I think it's a shame that your mother told you and this man these things without being certain, as it's clearly had a big impact on two people's lives.
That aside I would try to avoid striking up a close relationship or friendship with this man at the moment. After what you've both been through your emotions will be all over the place and you'll both be feeling differently about what you could've had. I would be polite and friendly, but remember your only connection to this man is that your mum had a relationship some 30 years ago. You don't owe him anything and I just think it would be beneficial to you all to have a bit of distance between you for a while and then.see how things are when emotions have settled down.
There's nothing wrong with having a friendship, but be careful that neither of you confuses this to be something it's not
I too would advise caution. You wont be in any frame of mind to make good decisions.

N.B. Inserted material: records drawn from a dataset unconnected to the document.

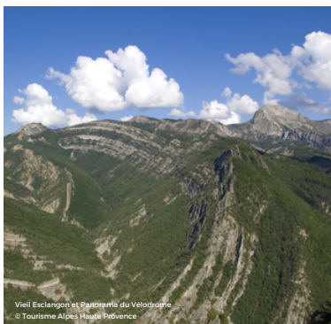
Vieil Esclangon et Panorama du Vélodrome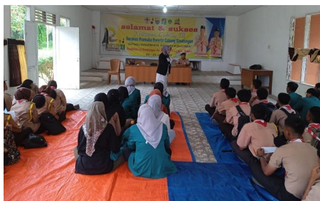
Gambar 3. Sosialisasi Perkenalan Game Edukasi Pictionary

Sosialisasi melalui presentasi menggunakan demonstrasi dan sharing untuk mengenalkan betapa pentingnya memahami Bahasa Inggris. Adapun dalam sosialisasi ini, tim pengabdian masyarakat juga menjelaskan kepada para peserta tentang game edukasi bernama Pictionary. Pictionary merupakan salah satu game yang dibentuk melalui sebuah kelompok. Hal ini berguna untuk meningkatkan minat dan semangat para peserta dalam belajar Bahasa Inggris.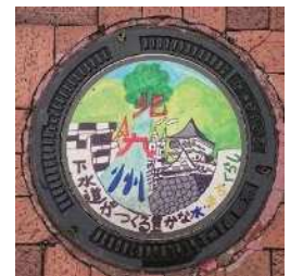
デザインマンホールの例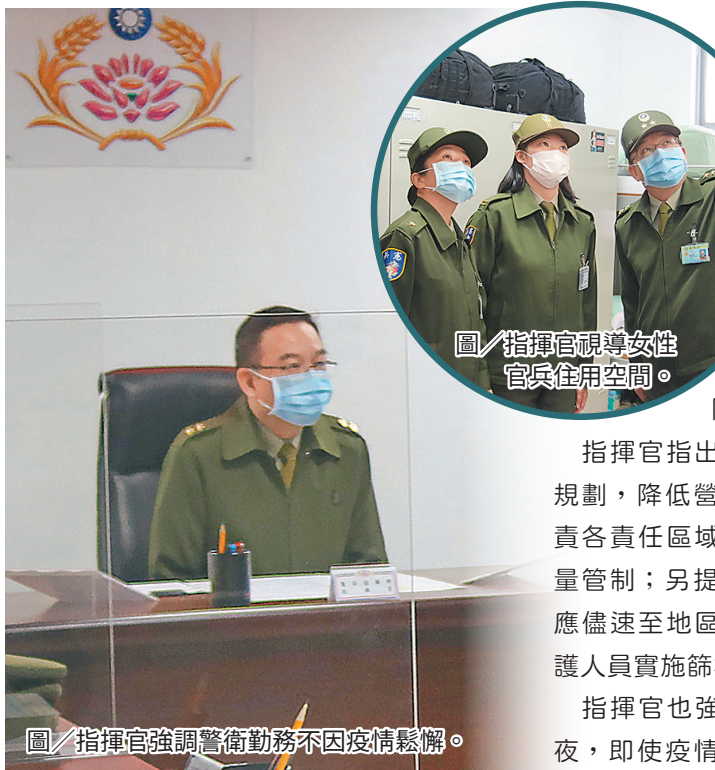
圖／指揮官視導女性官兵住用空間。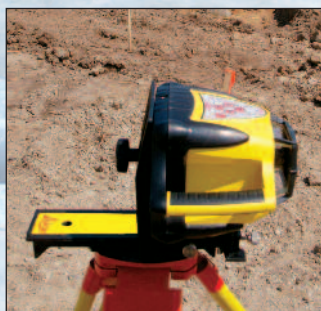
Rugby 200 med hållare

I think back to when I lost my dad, I was 21. Someone I sort of knew had just lost his daughter in a freak accident. He was 42 and we ended up having a relationship. His long term girlfriend was not a happy bunny when she found out (I didn't know about her) and it all ended in a mess. I can laugh now but at the time it was awful. Just a cautionary tale about looking for fartherly figures when we are perhaps not in the best frame of mind to think rationally.
At the moment you're both feeling the same sense of loss that things weren't as you expected them to be. He's not your biological dad but was obviously willing and eager to take on a relationship with you in that capacity and you've clearly bonded.
What's changed? A piece of paper doesn't negate what you both were building. If it was me I'd give it a go and see what happens in the future.
The fact that you are asking on here makes me feel that you are not 100% sure and therefore you want to err on the side of caution but having had all these disappointments in the past you so want things to be right too.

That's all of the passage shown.